“Any alcohol use? Any tobacco use? Any other drugs?”
These are the three main questions that most health care providers ask their patients when documenting a social history on a note.
“What stressors do you have in your life? What social support do you have? What is your home life like? What do you do for fun? Do you wear a helmet when you ride a bike? Do you wear a seatbelt?”
I remember learning these questions and having to ask them to a standardized patient as a medical student. My classmates and I laughed about how silly some of these questions seemed. How does wearing a helmet have anything to do with my patient’s pneumonia? Why do I care about what my patient does for fun when they’re having a medical emergency?
A recent patient encounter I had showed me that sometimes a more thorough social history can help me to better understand my patient. I had a patient who I was admitting from the emergency department with a chief complaint of shortness of breath and chest pain. I only had a few minutes to review her prior notes before seeing her. There was one thing I noticed in the social history, however, that helped me better understand my patient. This was not only mentioned in her primary care provider’s notes, but in the various subspecialty physician notes as well.
“The patient is the primary caregiver to her husband, who has dementia.”

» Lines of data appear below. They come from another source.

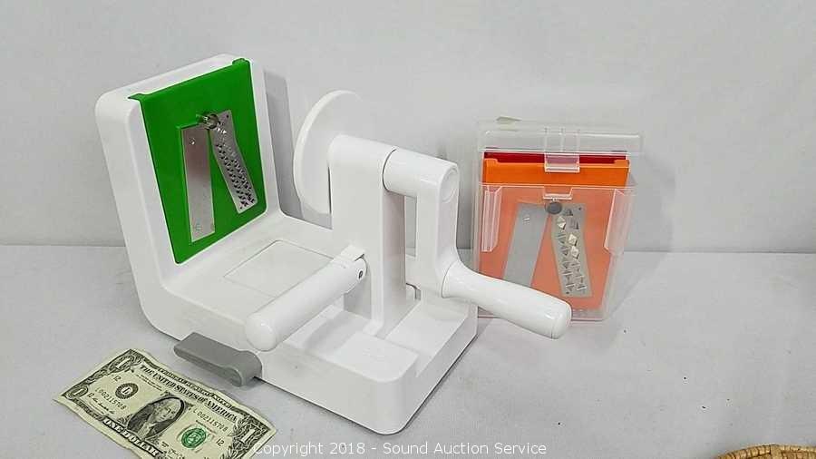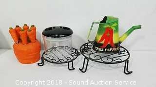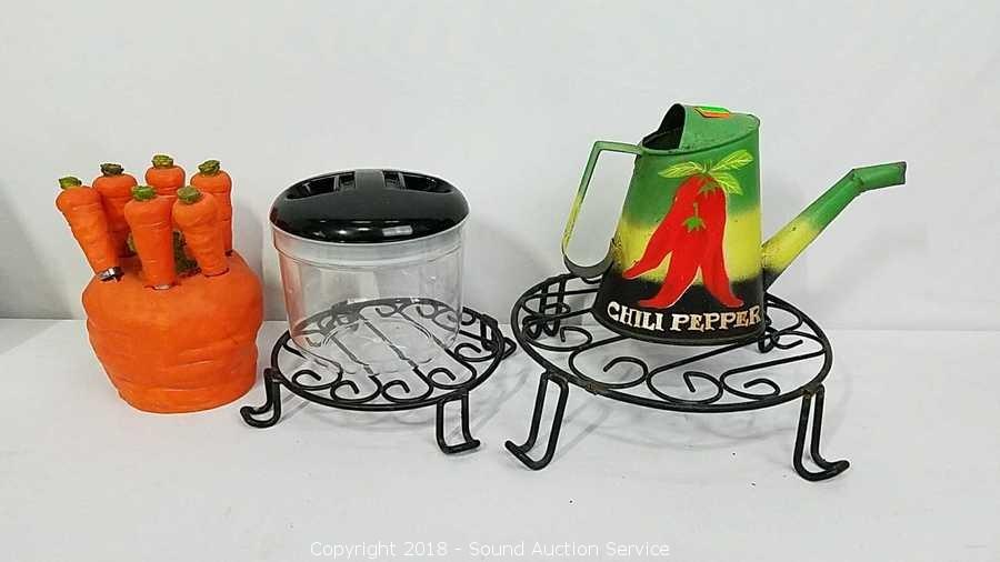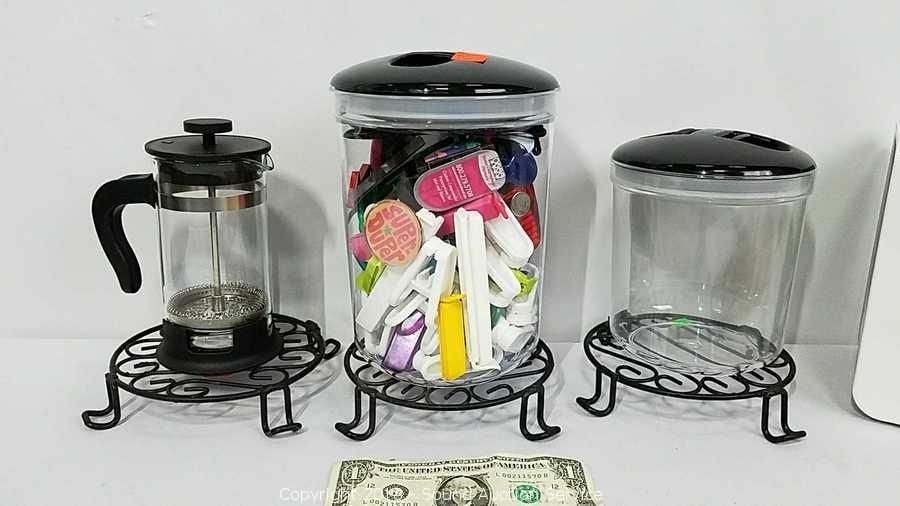 Includes: Air Tight Canister Set, Food Spiralizer, Carrot Spreaders Set, Coffee Press, Woven & Wrought Iron Trivets, and Watering Can. Condition of items sold - The auctioneer shall not be responsible for the correct description, authenticity, genuineness of, estimated selling price of, or defect in any lot, and makes no warranty in connection therewith. No allowance will be made or sale set aside on account of any incorrectness, error in cataloging, or any imperfection not noted. No deduction will be allowed on damaged articles as all goods being exposed for public exhibition are sold “as is” and without recourse. All measurements and sizes - are approximate. Claims - No claims will be allowed after goods are removed from premises. All lots - to be sold AS IS, WHERE IS. ALL SALES FINAL, WE DO NOT ACCEPT RETURNS.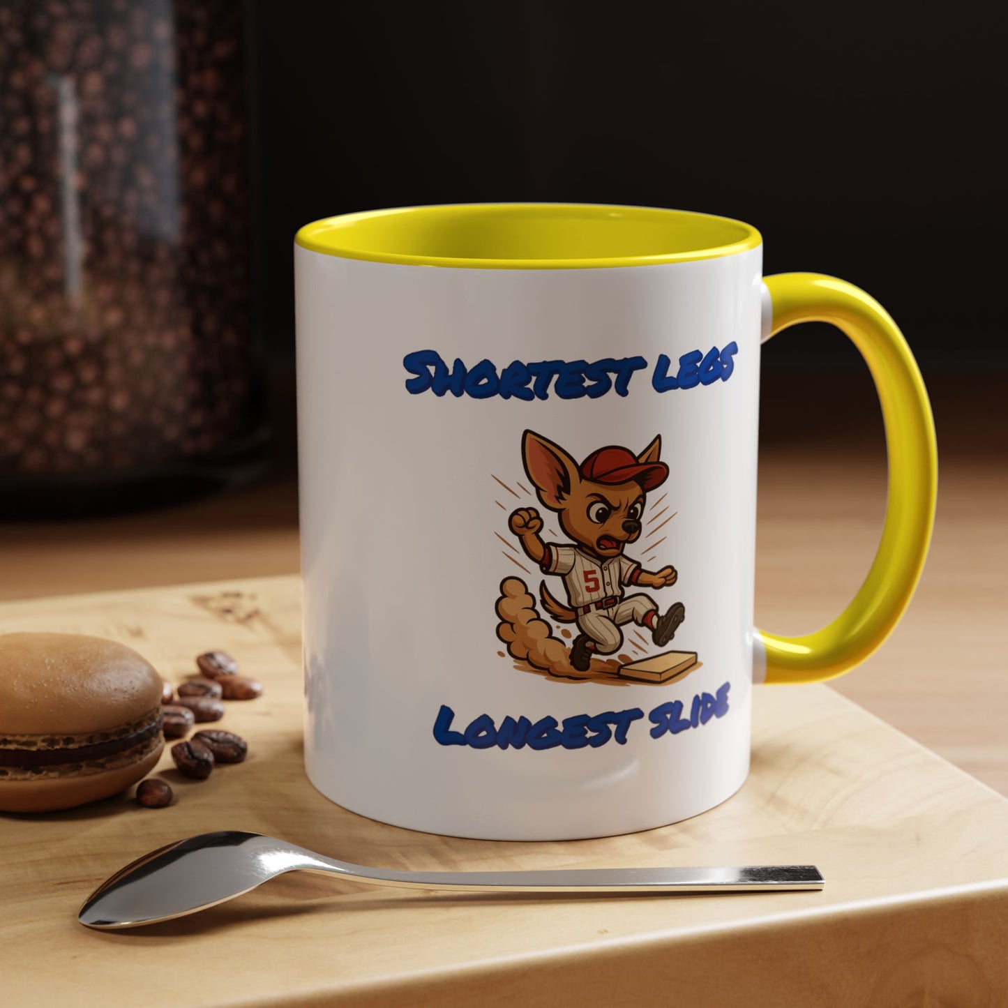 The image depicts a cartoon baseball-playing canine character sliding into a base with intense determination. Titled "Shortest Legs, Longest Slide", the graphic showcases a small dog wearing a white baseball uniform with the number 5 and a red cap. The character is mid-slide, kicking up a cloud of dust and displaying a fierce, focused expression. Stylized speed lines emphasize the dynamic motion of the slide, creating a sense of energy and movement. The illustration is set against a black background, making the blue title text and the yellow-orange dust cloud stand out vividly. The character's proportions are exaggerated for comedic effect, with particularly short legs contrasting with the dramatic sliding pose. The artwork has a playful, cartoon-like style that combines humor with athletic intensity. The blue text at the top and bottom of the image adds a punchy, graphic novel-esque quality to the design. This image appears to be a humorous take on baseball, highlighting the underdog spirit and determination of the small but mighty protagonist.
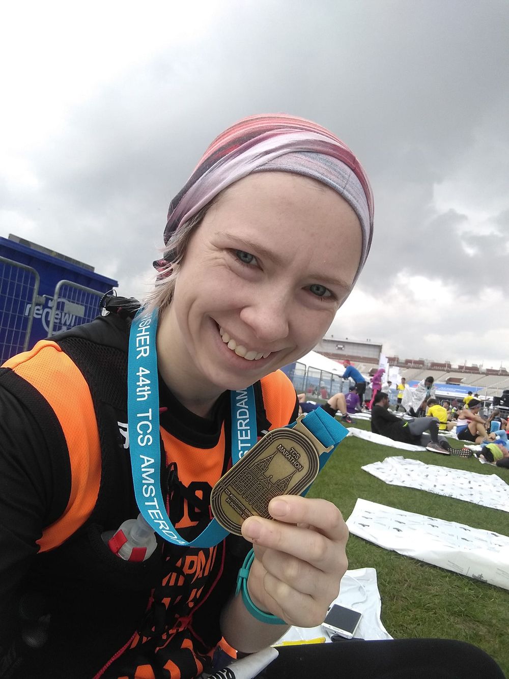 So, from April 7 to December 22, 2019, Emma completed 12 marathons everywhere from Manchester, to Loch Ness, Amsterdam and Portsmouth, running 314 miles and raising over £3,800 ($4,923) for CALM.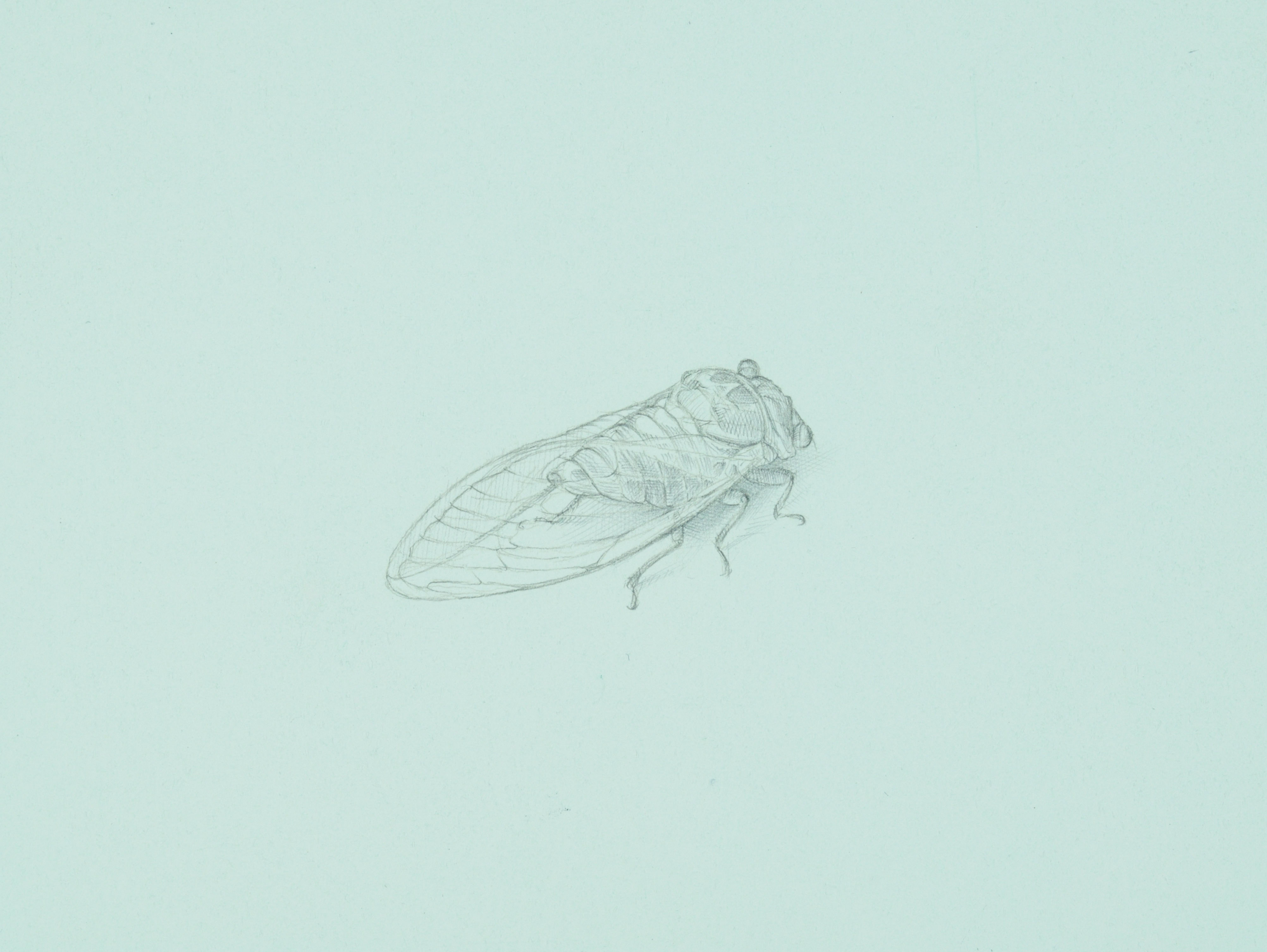 2014 Bush Cicada, 2018, silverpoint on prepared paper, 5⁃x⁃7⁃inches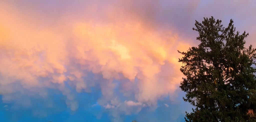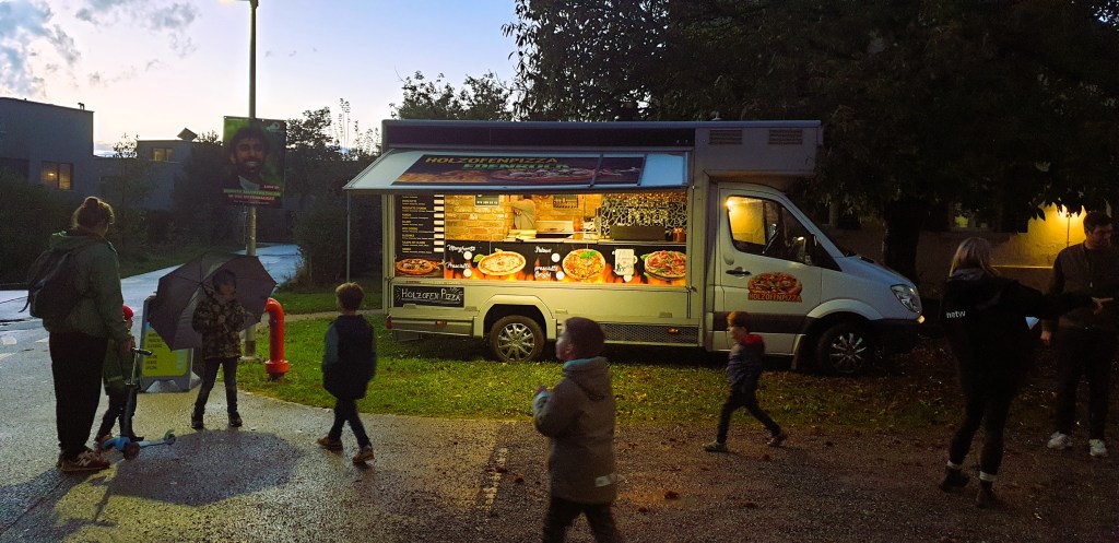 Es wird früher dunkel und der Himmel bietet, wie beim letzten Freitagabend-Apéro, grandiose Farbereignisse. Aman hat wunderbare Pizzen gebacken.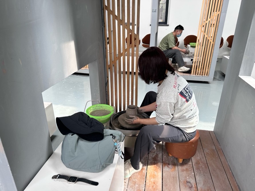 在拉坯体验项目中,师生们双手与陶土亲密接触,在拉坯机的旋转中感受泥土在指尖的流动与塑形。通过控制转盘速度与力度,将创意转化为器型,体会“泥随手动、心手合一”的传统技艺。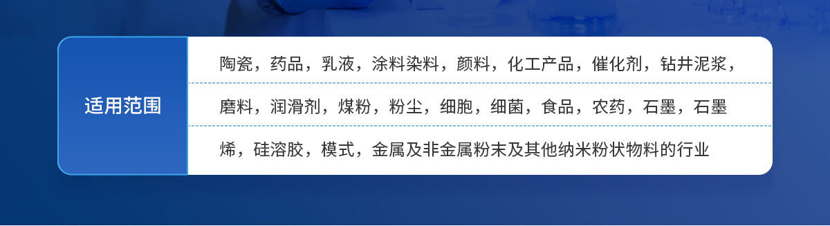 YT-JLGS-2000廣泛應(yīng)用于水泥、陶瓷、藥品、乳液、涂料、染料、顏料、填料、化工產(chǎn)品、催化劑、鉆井泥漿、磨料、潤(rùn)滑劑、煤粉、泥砂、粉塵、細(xì)胞、細(xì)菌、食品、添加劑、農(nóng)藥、炸藥、石墨、感光材料、燃料、墨汁、金屬與非金屬粉末、碳酸鈣、高嶺土、水煤漿及其他粉狀物料。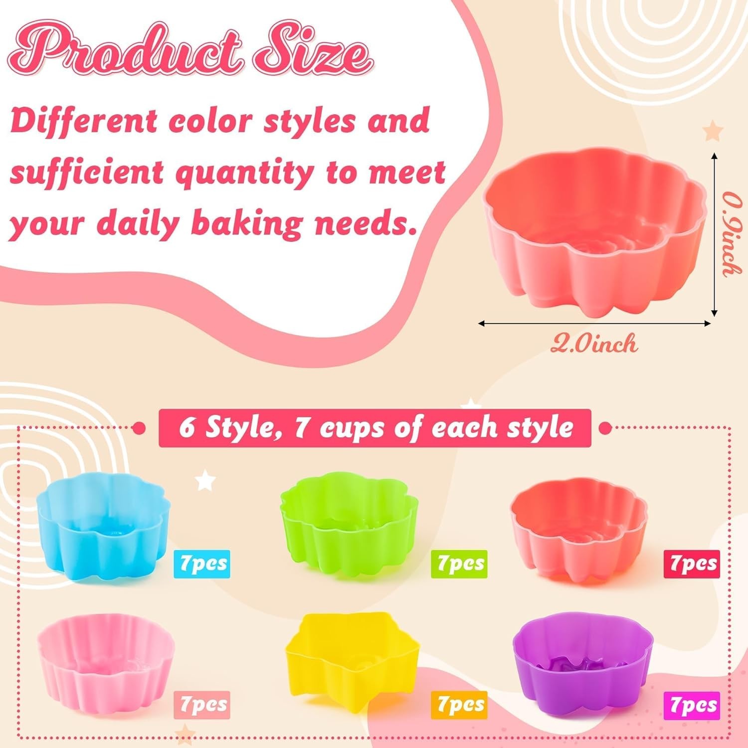 size for baking cups for everyday desserts, donuts, party snacks, afternoon tea cake baking, and more! Also, perfect for use in bento boxes of all sizes as lunch box dividers. PREMIUM SILICONE MATERIALS: Our multiple shapes cake molds are made of food-grade silicone, BPA-free, odorless, do not fade easily, and can support your long-term use. Also, Our cup molds are heat resistant and can be safely used in ovens, microwaves, and refrigerators. EASY CLEANING: No need to worry about cleaning. Our silicone molds are non-stick, easy to peel and clean, and can even be cleaned simply with soap and water, as well as being dishwasher safe for simple and convenient use. WIDELY USES: Perfect for preparing muffins, mousses, breads, puddings, tarts, jellies, mixes, brownies, chocolates, custards, soaps, fat bombs, and more, our silicone cake baking cups can help you create more beautiful and impressive cakes. Also, use our cake cups as dividers in your bento box to put in different foods like fruits, cakes, vegetables, and more to create a healthier lunch for you! Product We offer a 30-Day Return Policy on items which you are not completely satisfied with. You have the option for a full-refund or an exchange of the item. No returns are available on items shipped outside of the US. Shipping We offer Free Shipping to the US and ship within 2 business days of payment, usually sooner. We use UPS express shipping. That's why your products are usually delivered within 3 days. Contact We try our very best to make sure every customer is completely satisfied. If there's a problem, message us! We're happy to help. 24/7 live chat available.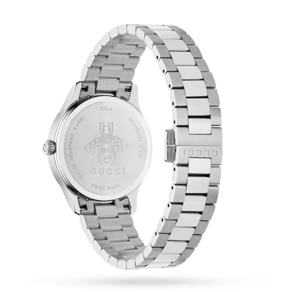 - Dial: Radiant gold finish, enhanced with Gucci’s signature bee motif for a distinctive aesthetic.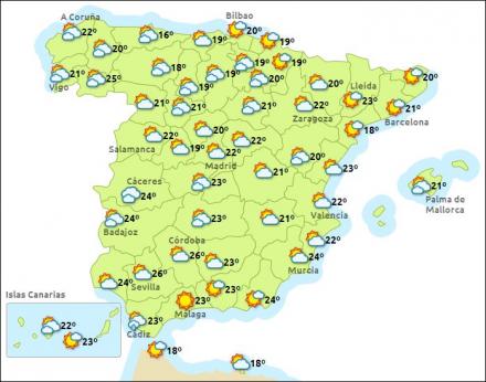 Der er udsigt til 30 graders varme i flere syd- og midtspanske provinser som Granada med 29 grader, og 28 grader i Ciudad Real, Córdoba, Toledo og Sevilla.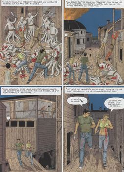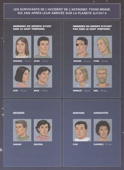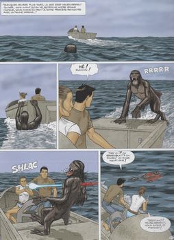 remarques: | durant leur expédition et après avoir pénétré la colonne de perturbation quantique, les 4 rescapés constatent qu'ils ont avancé de 93 ans dans le futur et l'île artificielle des hommes-pieuvres les a suivi dans leur avance, le quatuor décide alors de délivrer Djamile et pour cela, ils veulent provoquer un incendie sur l'île en y faisant écraser leur avion >> p. 6 des holorans (Antac et Selkert) très agressifs on retrouve Djamile ainsi que Cao qui se sacrifie pour le groupe, mais dans la lutte, Djamile et les holorans sont séparés d'Alex et Manon qui tous deux s'emparent d'un petit bateau >> p. 15 durant la bagarre, Manon est blessée et la réflexion d'Alex: "heureusement la lame n'a pas touché ton sein, j'aurais été inconsolable si ta superbe poitrine avait été blessée!!" tous se retrouvent comme Robinson sur une île déserte et inconnue, ils seront secouru un peu plus tard par un navire avec Max, Pam, Hakim et Ilse qui eux aussi ont subi le saut temporel le voyage se poursuit vers une autre île où on se livre à la cueillette de pommes des sables dans un conteste dangereux et en effet, nos amis sont agressés par deux navires pirates qui les font prisonniers seuls Alex et Manon (le tandem standard du récit) réussissent à s'échapper et ils trouvent à nouveau une embarcation et vogue la galère! >> p. 39 un visiteur agressif: un singe aquatique >> p. 41 et rencontre aussi avec une genre de mantrisse qui leur distribue des gélules (>> voir le cycle Bételgeuse et Aldébaran) finalement, les deux marins atteignent un continent inconnu en marchant, pour la dernière partie du trajet, sur une mer solidifiée mais de nouveaux dangers déjà les attendent >> rien de vraiment nouveau dans cet épisode, puisé en partie dans les cycles précédents sauf des aventures à la Robinson, mais à défaut d'histoire à l'eau de rose (comme dans le précédent épisode 3), il y a moins de l'action dans cet épisode 4 textes et graphisme acceptables n.b. il y aura encore un dernier album paru en 2017, mais non encore collectionné sur le site |

This statement primed my brain. As I reviewed the patient’s medications with her, she told me she had not been taking several of her prescribed medications over the past week. From reviewing her prior notes, this seemed a bit unusual as she typically was very compliant with her medications. As I asked her some more questions, I learned that her husband had just passed away. She had been busy being a caregiver to her husband, and also had to deal with the funeral preparations. Even after her husband’s death, my patient had an amazing caregiver mentality:
“I’m just glad all of this happened now and not when everything had been going on over the past couple of weeks.”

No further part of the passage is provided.